Advancing Thermodynamic Group-Contribution Methods by Machine Learning: UNIFAC 2.0

TL;DR

This work addresses the incomplete parameterization of thermodynamic GC methods, notably UNIFAC, by embedding a matrix-completion ML module to predict all pair-interaction parameters $a_{mn}$. The resulting UNIFAC 2.0 is trained end-to-end on $\ln\gamma_i$ from binary VLE data, yielding a gap-free parameter table and significantly improved accuracy (nearly halving the MSE) while greatly expanding applicability to thousands of mixtures in the Dortmund DDB. The method demonstrates robust extrapolation to unseen components and unseen pair-interaction parameters, and remains easily updatable and adaptable for tailored applications. Practically, UNIFAC 2.0 can be implemented with a simple parameter-table replacement in existing simulators, enabling more reliable and extensive thermodynamic predictions for process design and optimization.

Abstract

Accurate prediction of thermodynamic properties is pivotal in chemical engineering for optimizing process efficiency and sustainability. Physical group-contribution (GC) methods are widely employed for this purpose but suffer from historically grown, incomplete parameterizations, limiting their applicability and accuracy.

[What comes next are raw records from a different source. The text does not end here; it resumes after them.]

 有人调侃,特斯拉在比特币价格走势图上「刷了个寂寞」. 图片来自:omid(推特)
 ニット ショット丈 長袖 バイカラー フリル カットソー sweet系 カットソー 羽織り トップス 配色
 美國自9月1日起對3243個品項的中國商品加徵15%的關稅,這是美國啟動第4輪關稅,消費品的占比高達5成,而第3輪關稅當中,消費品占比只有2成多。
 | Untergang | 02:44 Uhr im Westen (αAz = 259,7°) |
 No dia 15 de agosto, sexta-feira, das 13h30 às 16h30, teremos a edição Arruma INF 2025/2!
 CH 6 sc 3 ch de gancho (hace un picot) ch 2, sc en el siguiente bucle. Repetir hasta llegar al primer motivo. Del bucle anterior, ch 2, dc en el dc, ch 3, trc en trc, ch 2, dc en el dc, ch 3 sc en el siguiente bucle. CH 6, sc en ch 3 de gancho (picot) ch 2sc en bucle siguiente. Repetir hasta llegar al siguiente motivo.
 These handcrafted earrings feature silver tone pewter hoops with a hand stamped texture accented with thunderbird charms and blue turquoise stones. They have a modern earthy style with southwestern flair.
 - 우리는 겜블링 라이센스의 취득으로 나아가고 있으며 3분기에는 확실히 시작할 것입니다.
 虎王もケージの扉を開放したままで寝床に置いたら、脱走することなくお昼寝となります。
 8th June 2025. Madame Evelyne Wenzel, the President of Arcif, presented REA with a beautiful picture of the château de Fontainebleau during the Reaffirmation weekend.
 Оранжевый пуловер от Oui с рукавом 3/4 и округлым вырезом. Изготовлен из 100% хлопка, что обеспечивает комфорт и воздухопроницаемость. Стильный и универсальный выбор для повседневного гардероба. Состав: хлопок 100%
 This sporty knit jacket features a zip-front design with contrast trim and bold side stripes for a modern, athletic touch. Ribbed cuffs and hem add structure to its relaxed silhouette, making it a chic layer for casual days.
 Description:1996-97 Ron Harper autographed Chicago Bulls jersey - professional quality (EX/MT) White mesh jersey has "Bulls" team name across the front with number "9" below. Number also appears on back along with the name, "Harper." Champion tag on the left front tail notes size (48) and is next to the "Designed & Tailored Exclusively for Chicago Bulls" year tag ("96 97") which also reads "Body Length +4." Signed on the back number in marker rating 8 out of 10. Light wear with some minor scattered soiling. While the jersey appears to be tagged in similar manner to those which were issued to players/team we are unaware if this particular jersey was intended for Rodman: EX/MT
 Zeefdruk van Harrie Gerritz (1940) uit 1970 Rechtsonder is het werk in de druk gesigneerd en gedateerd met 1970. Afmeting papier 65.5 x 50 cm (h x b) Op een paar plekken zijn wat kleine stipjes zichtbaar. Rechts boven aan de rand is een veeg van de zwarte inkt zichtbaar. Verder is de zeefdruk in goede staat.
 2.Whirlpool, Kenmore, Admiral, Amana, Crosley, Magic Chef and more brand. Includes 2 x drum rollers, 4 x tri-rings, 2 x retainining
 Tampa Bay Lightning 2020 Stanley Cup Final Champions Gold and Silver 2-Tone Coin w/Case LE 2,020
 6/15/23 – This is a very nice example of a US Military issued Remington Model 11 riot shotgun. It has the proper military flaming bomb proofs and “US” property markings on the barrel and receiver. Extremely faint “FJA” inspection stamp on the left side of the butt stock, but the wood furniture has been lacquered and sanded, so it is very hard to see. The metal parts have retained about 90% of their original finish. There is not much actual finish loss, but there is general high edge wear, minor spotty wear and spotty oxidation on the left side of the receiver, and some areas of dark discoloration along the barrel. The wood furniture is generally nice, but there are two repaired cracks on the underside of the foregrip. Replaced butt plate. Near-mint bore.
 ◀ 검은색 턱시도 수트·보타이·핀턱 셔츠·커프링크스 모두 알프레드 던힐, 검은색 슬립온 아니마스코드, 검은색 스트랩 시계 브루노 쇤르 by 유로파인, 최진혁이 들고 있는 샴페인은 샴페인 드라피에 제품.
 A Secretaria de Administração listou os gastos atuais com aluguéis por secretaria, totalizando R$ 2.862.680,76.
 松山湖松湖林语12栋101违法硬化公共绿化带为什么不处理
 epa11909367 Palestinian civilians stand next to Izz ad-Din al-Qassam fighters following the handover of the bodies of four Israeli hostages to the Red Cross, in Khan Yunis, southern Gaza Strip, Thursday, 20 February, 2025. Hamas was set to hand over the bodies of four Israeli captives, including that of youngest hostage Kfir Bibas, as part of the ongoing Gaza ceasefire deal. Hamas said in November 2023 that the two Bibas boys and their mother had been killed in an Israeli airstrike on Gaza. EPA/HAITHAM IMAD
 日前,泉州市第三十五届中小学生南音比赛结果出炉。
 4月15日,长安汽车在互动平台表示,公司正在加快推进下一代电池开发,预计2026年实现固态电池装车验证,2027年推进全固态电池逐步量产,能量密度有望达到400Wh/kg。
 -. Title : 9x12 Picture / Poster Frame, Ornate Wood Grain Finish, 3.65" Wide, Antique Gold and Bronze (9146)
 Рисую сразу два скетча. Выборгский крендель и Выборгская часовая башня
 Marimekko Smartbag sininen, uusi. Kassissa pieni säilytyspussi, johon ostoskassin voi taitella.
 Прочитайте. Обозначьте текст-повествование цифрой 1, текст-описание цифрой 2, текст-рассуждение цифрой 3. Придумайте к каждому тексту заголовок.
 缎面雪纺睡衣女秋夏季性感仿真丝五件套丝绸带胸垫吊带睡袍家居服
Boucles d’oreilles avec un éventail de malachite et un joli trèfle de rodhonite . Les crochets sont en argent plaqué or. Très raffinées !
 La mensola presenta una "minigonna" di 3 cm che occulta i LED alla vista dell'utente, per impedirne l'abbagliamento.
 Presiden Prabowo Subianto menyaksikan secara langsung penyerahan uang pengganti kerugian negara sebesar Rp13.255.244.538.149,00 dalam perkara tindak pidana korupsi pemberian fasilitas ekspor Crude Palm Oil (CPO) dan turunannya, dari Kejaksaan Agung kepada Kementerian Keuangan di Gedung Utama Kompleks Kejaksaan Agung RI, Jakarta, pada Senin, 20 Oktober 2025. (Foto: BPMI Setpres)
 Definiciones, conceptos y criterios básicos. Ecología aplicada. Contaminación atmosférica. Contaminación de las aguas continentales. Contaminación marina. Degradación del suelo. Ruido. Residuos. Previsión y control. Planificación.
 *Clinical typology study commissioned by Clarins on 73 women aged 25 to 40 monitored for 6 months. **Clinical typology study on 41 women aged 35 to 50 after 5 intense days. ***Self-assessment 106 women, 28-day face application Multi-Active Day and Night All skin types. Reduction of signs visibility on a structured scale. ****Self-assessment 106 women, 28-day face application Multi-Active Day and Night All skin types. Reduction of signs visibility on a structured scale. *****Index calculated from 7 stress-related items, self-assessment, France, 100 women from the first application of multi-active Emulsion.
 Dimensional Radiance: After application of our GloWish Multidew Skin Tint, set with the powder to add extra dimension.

In this work, we overcome these limitations by combining GC with matrix completion methods (MCM) from machine learning. We use the novel approach to predict a complete set of pair-interaction parameters for the most successful GC method: UNIFAC, the workhorse for predicting activity coefficients in liquid mixtures. The resulting new method, UNIFAC 2.0, is trained and validated on more than 224,000 experimental data points, showcasing significantly enhanced prediction accuracy (e.g., nearly halving the mean squared error) and increased scope by eliminating gaps in the original model's parameter table. Moreover, the generic nature of the approach facilitates updating the method with new data or tailoring it to specific applications.

Figures (6)

• Figure 1: Comparison of UNIFAC 1.0 and UNIFAC 2.0. UNIFAC 1.0 relies on sequential parameter fitting guided by intuition, whereas UNIFAC 2.0 integrates a matrix completion method (MCM) for predicting pair-interaction parameters into the UNIFAC framework. UNIFAC 2.0 is trained end-to-end on experimental logarithmic activity coefficients ($\ln\gamma_i$) derived from binary vapor-liquid equilibrium (VLE) data. After training, the completed pair-interaction parameter matrix facilitates accurate predictions of phase diagrams for a wide range of binary or multi-component mixtures.
• Figure 2: Comparison of results for $\ln\gamma_i$ with UNIFAC 1.0 and UNIFAC 2.0 for different data sets: the "UNIFAC 1.0 horizon" comprises 210,767 data points for 15,758 binary mixtures, while an additional 13,795 experimental data points for 2,957 binary mixtures can only be predicted with UNIFAC 2.0 ("UNIFAC 2.0 only"). (a) Mean absolute error (MAE) and mean squared error (MSE) of the model predictions. Error bars denote standard errors of the means. (b) Histogram of the number of binary mixtures $N_\text{mix}$ that can be predicted with an MAE in a certain interval. The MAE range shown in panel (b) comprises 98.8% (UNIFAC 1.0) and 99.4% (UNIFAC 2.0) of all mixtures.
• Figure 3: Prediction of isothermal vapor–liquid phase diagrams for binary mixtures with UNIFAC 2.0 (lines) and comparison to experimental data from the DDB (symbols). Blue: bubble point curves. Orange: dew point curves.
• Figure 4: Prediction of isothermal vapor-liquid phase diagrams for ternary mixtures with UNIFAC 2.0 (pred) and comparison to experimental data (exp) from the DDB. The temperature and the composition of the liquid phase were specified, and the composition of the corresponding vapor phase in equilibrium was predicted. Solid lines are experimental conodes, dashed lines are predicted conodes.
• Figure 5: Mean absolute error (MAE) and mean squared error (MSE) of the predicted $\ln\gamma_i$ of mixtures containing unobserved components with UNIFAC 2.0 (pred). For comparison, the results of UNIFAC 2.0 trained on all experimental data and UNIFAC 1.0 are also shown (fit). The "UNIFAC 1.0 horizon" comprises 25,998 data points for 2,202 binary mixtures, while an additional 1,289 experimental data points for 401 binary mixtures can only be predicted by UNIFAC 2.0 ("UNIFAC 2.0 only"). Error bars denote standard errors of the means.